An epidemiological study also found a correlation between the use of antiperspirants containing aluminium and breast cancer incidence. However, two other epidemiological studies did not find any such correlation.
Here, too, the existing data is inconsistent and in some cases contradictory. There is still a need for additional research. According to current knowledge, the use of aluminium-containing antiperspirants is unlikely to lead to the development of breast cancer.
Is it better to grill food with or without an aluminium tray/in foil?

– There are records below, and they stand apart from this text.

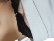 Japanese teen with hairy pussy fucked and creampied by a masked guy
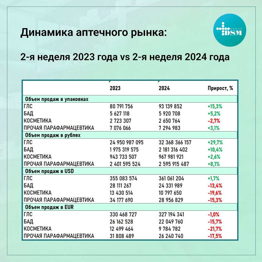 На 2-й неделе относительно аналогичного периода 2023 года наиболее значительный рост наблюдался на рынке ГЛС (+15,3% в упаковках и +29,7% в рублях). В группе БАД продажи выросли на 2,6% в упаковках и на 10,4% в рублях, в группе аптечной косметики падение в упаковках составило 2,7%, рост в рублях составил 2,6%.
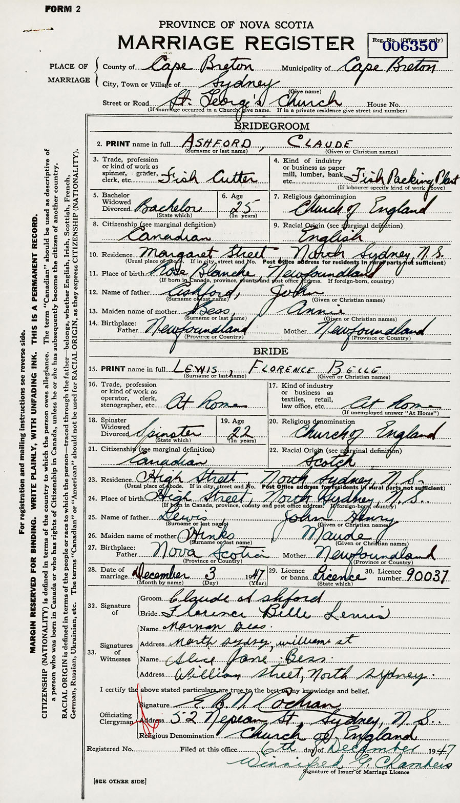 28. Date of marriage December 3 1947 29. By license or banns License 30. License number 90037
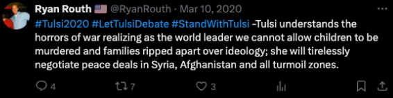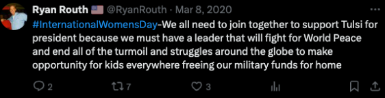 Routh framed Tulsi Gabbard as a global peace negotiator, portraying her as the only candidate capable of ending international conflicts.
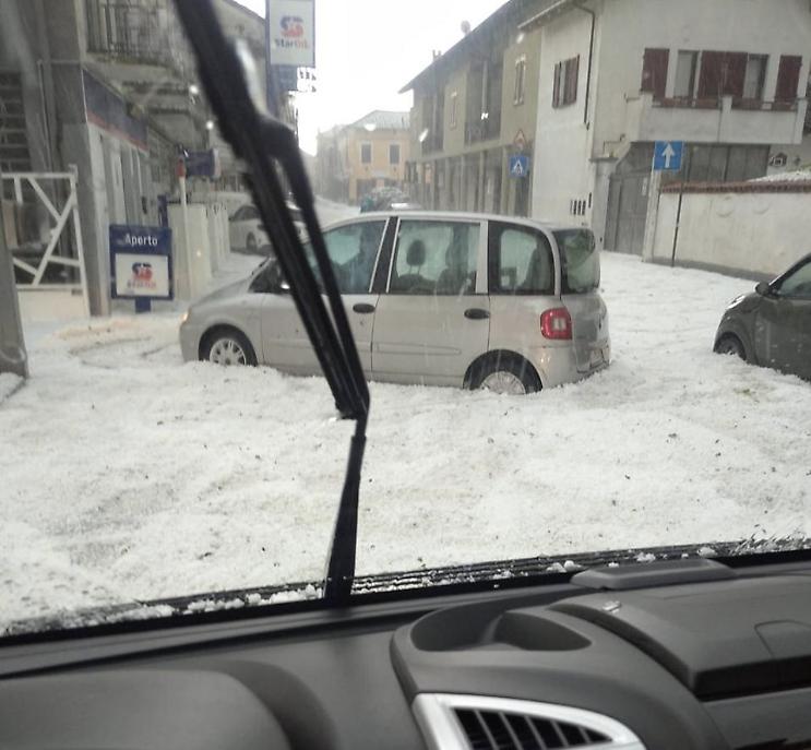 Le immagini della grandinata sulla provincia di Torino - Auto bloccate nel ghiaccio a Santena

Transfer of aluminium compounds to the food is also to be expected when grilling food on an aluminium tray. On the other hand, aluminium trays are used to avoid fat dripping into the embers and therefore to prevent the development of carcinogenic polycyclic aromatic hydrocarbons (PAHs). Viewed in this light, the use of aluminium trays/foil for grilling meat is justifiable. However, the grilled meat should only be salted and seasoned once it is cooked. Alternatives are grill trays made of other materials, such as stainless steel or ceramics.
Can I continue to use aluminium cooking pots/pressure cookers?

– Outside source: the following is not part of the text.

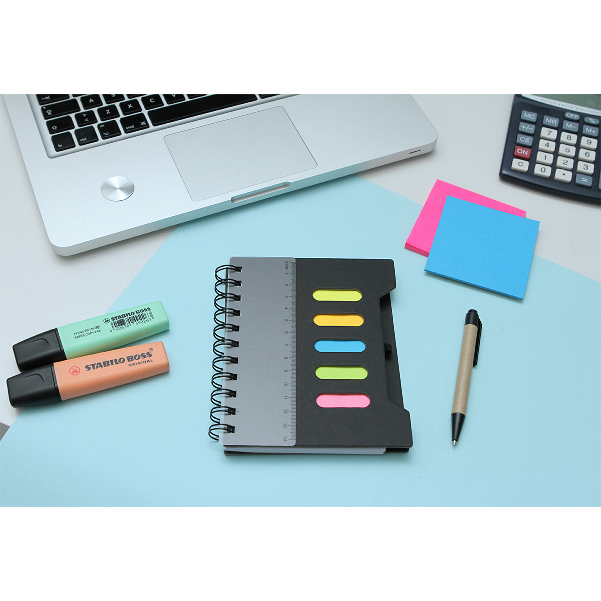 Libreta ecológica color negro con 70 hojas rayadas, viene acompañada de un bolígrafo con tinta negra, incluye 125 banderitas de colores en cinco tonalidades diferentes, lo que te permite marcar y resaltar páginas o secciones importantes. También cuenta con una regla de 14 cm incorporada en su diseño.

Provided that they are coated, yes. If they are not, no salty or acidic foods such as apple purée, tomato purée, rhubarb or salted herring should be prepared or stored in these kinds of pots.
Should I avoid espresso makers, espresso capsules and thermal flasks made of aluminium?
When espresso makers made of aluminium are used for the first time, a layer is formed which largely reduces the transfer of aluminium. This is confirmed by studies conducted by the BfR. However, when espresso makers are cleaned in the dish washer, this protective layer may be removed, which leads to an increase in aluminium release during subsequent use. But even then, the aluminium release is below the release limit value laid down by the Council of Europe resolution on metals and alloys (5 mg/kg). During further use, a new protective layer is formed, which reduces the transfer of aluminium. The use of aluminium espresso makers only contributes to a small extent to the overall exposure to aluminium. In the view of the BfR, there is consequently no reason to advise against their use. It is recommended, however, that consumers refrain from cleaning these espresso makers in the dishwasher.
Espresso capsules made of aluminium and/or with an aluminium cover are coated on the inside. This means that no transfer of aluminium into the beverage is to be expected.
As far as the BfR is aware, thermal flasks are also made in such a way that the parts coming into contact with the liquid are not made of aluminium.
What scientific uncertainties exist currently in the health risk assessment of the use of aluminium in different products?
There is still a need for research to assess the health risks of regular intake of aluminium over a very long period of time.
The data on occurrence in food is from a pilot total diet study. Even if the results are essentially in line with comparable European and international studies, uncertainties exist surrounding the pilot nature of the study.